**Data items:**
^^^^^^^^^^^^^^^^
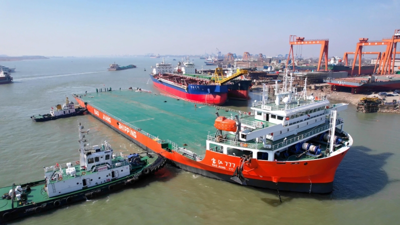 近日,在扬州海事局的全力护航下,江苏润扬船业有限公司新造船“宝江777”轮安全交付后离泊船厂码头,开航出江。据了解,该轮是目前扬州地区建造的最大吨位甲板运输船,同时也是扬州籍首艘入级中国船级社的无限航区甲板运输船,成为“扬州造”中高端船舶的又一张崭新名片。
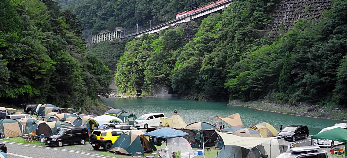 アプトいちしろキャンプ場は、長島ダムによって形成された「接岨湖(せっそこ)」のほとりに位置しています。
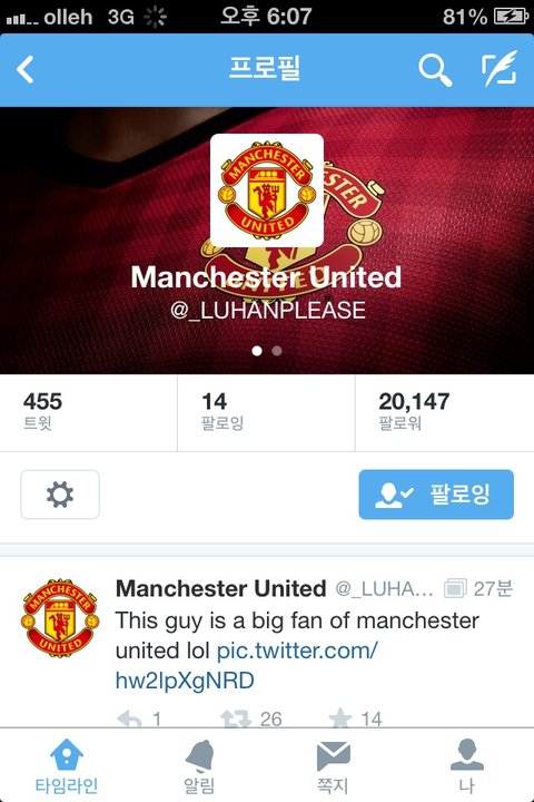 맨유의 광팬 루한 ㅋㅋㅋㅋㅋㅋ
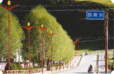 进入四面环山的昂赛乡,村口牌子上写有“不忘初心,牢记使命,守青护绿,生态报国”。街道两侧红色太阳能路杆、经幡旗、寺庙很是抢眼。安置的搬迁房整齐划一,笔直的马路延伸至山脚下,只见街道上有老人推着婴儿车、有遛弯散步的、有骑行的学生放学回家的……依藏族人的生活起居、风俗习惯和宗教信仰,该有的设施基本全具备。
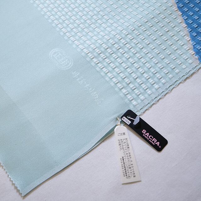 SACRAの帯揚はそんな「こぼれいろ」をきものを染めるのと同様の技術と手間をかけて作られています。美しい着姿と美しいきものと帯の合わせに花を添える帯揚にも一切の妥協をしない。それがSACRAの帯揚に込められた美しい着姿への願いなのです。
^^^^^^^^^^^^^^^^
**Exercise:** Print every entry exactly as written, without the pictures.

**Solution for this exercise:**
 近日,在扬州海事局的全力护航下,江苏润扬船业有限公司新造船“宝江777”轮安全交付后离泊船厂码头,开航出江。据了解,该轮是目前扬州地区建造的最大吨位甲板运输船,同时也是扬州籍首艘入级中国船级社的无限航区甲板运输船,成为“扬州造”中高端船舶的又一张崭新名片。
 アプトいちしろキャンプ場は、長島ダムによって形成された「接岨湖(せっそこ)」のほとりに位置しています。
 맨유의 광팬 루한 ㅋㅋㅋㅋㅋㅋ
 进入四面环山的昂赛乡,村口牌子上写有“不忘初心,牢记使命,守青护绿,生态报国”。街道两侧红色太阳能路杆、经幡旗、寺庙很是抢眼。安置的搬迁房整齐划一,笔直的马路延伸至山脚下,只见街道上有老人推着婴儿车、有遛弯散步的、有骑行的学生放学回家的……依藏族人的生活起居、风俗习惯和宗教信仰,该有的设施基本全具备。
 SACRAの帯揚はそんな「こぼれいろ」をきものを染めるのと同様の技術と手間をかけて作られています。美しい着姿と美しいきものと帯の合わせに花を添える帯揚にも一切の妥協をしない。それがSACRAの帯揚に込められた美しい着姿への願いなのです。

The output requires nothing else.